Can Canada have a culture?
by Jack Moore, CA.
Jack Moore has been a practising Chartered Accountant in Toronto and
areas of southern Ontario for 40 years. He has been a consultant/hand-holder
to small businesses including two years as the comptroller of The Institute
of Chartered Accountants of Ontario (ugh). He also spent two years as vice-president
and general manager of a small national manufacturer/retailer.
CULTURE: the concepts, habits, skills, art, instruments, institutions,
etc. of a given people in a given period; civilization. (Webster's)
Does Canada have a culture? I think not!
When Europe discovered Canada, it was occupied by Indians and Inuit.
Immigrants have been the populaters of Canada from that time until now.
Do not expect this process to change.
The federal governments of Canada have found that there is political
gain to be had by encouraging, controlling, manipulating, and financing
immigration. There may be a financial benefit to Canada at the same time.
That gain has been dramatically exploited for the last quarter of a century.
The result is a nation that has a significant quantity of new people, who
settle in their chosen areas of the country, generally two or three metropolitan
centres, and are supported by the taxpayers of Canada when they cannot
make their own way. They are encouraged to maintain the practices, mores,
philosophies and ways of their homelands. As a consequence, Canada does
not have a culture to call its own: it has a polyglot of cultures, all
subsidised to some degree by the taxpayers. This is known as "multiculturalism".
One of the largest businesses in Canada is the federal government.

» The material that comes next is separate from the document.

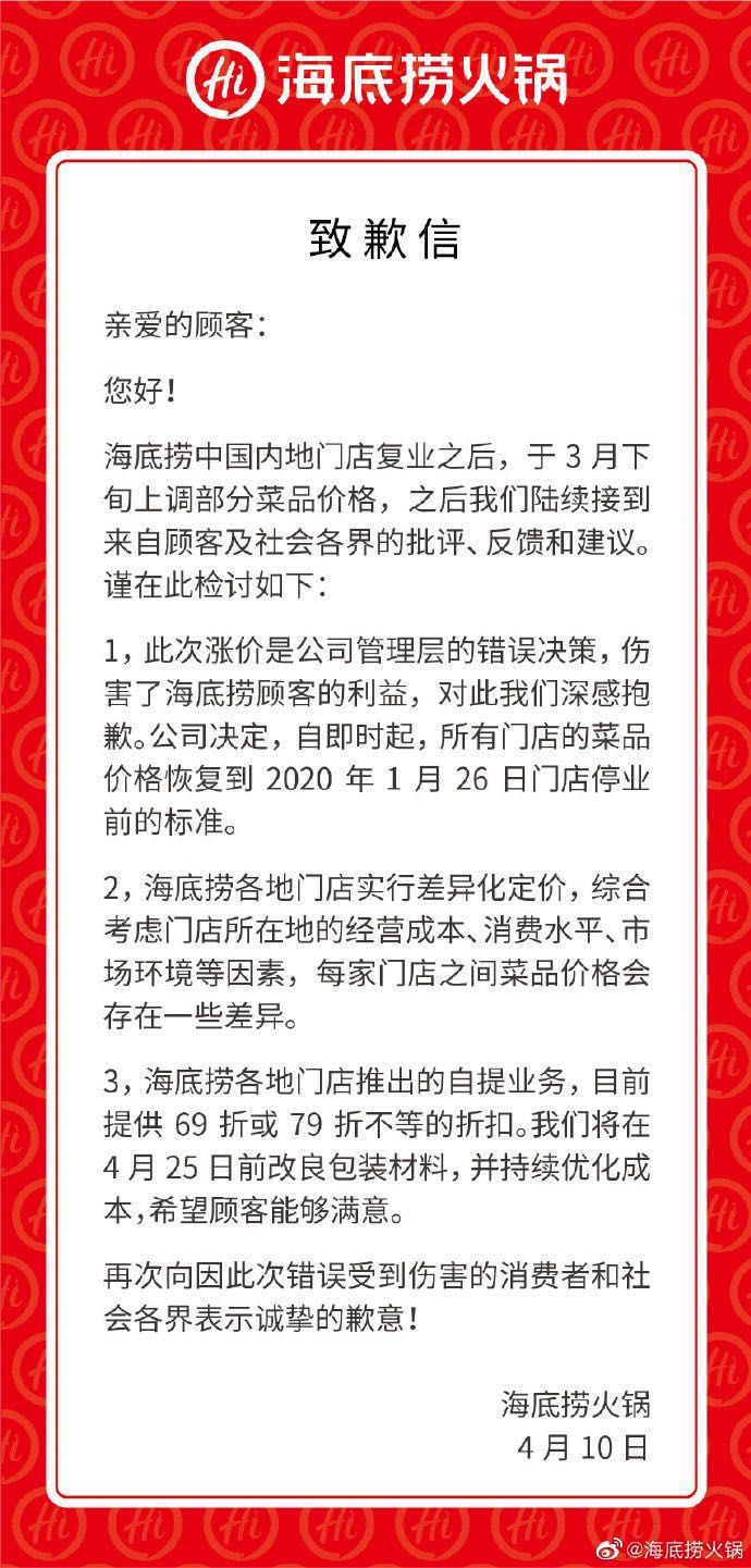 4月10日下午,海底捞在官方微博上发布了一封致歉信,表示:“海底捞门店此次涨价是公司管理层的错误决策,伤害了海底捞顾客的利益。对此海底捞深感抱歉。自即时起,中国内地门店菜品价格恢复到今年1月26日门店停业前标准。”

One of its largest expenditures is directed toward the support of multiculturalism,
and its major by-product: bilingualism, which has been extended to multilingualism
in many locations. By these policies, the government has ensured that Canada
will not form a culture of its own and that the country will become more
regionalised and fractured than it is now. There is a whole bureaucracy
which has a vested interest in maintaining the status quo. This in spite
of the fact that a national culture would work toward uniting Canada as
a nation and as a people.
As in all the ages, pendulums move from extreme to extreme as time
passes. We have begun to move away from the "womb to tomb" policies
of our governments toward the "be responsible for your own actions"
attitude. With that move there has been a re-thinking of the effects of
financial support for multiculturalism.
The political objective has been to influence votes by providing funding
for film productions, museums and art galleries operations, ethnic activities,
non-english language support, special interest groups both large and small,
and the infrastructure of organisations and people that feed off the various
programs. Let us not forget the protection/support via taxes and tariffs
afforded the book, magazine and literature group as well as the institutions
such as the CBC in Canada and another CBC in Quebec.
The public has become far more politically aware during the past decade
and the political gain may have become a liability as the effects of the
divisiveness and waste becomes apparent.
The culture industry in Canada is fast losing its momentum. In fact,
in another decade, the federal government will likely be out of the business
altogether. The result will be the start of a consolidation of cultures
back to basics so that each group will maintain its own special heritage
as a facet within the total culture of Canada. By the end of the next century,
Canada may well have culture to call its own and a group of inhabitants
who may well become a real nation again.
The bottom line is that tax dollars for the arts will become scarcer
with time. Those who survive will have found the way to exist by being
a profitable business or by attracting a support group of patrons. The
former is by far the more practical method. It has longevity.
Can Canada have a culture? I think yes!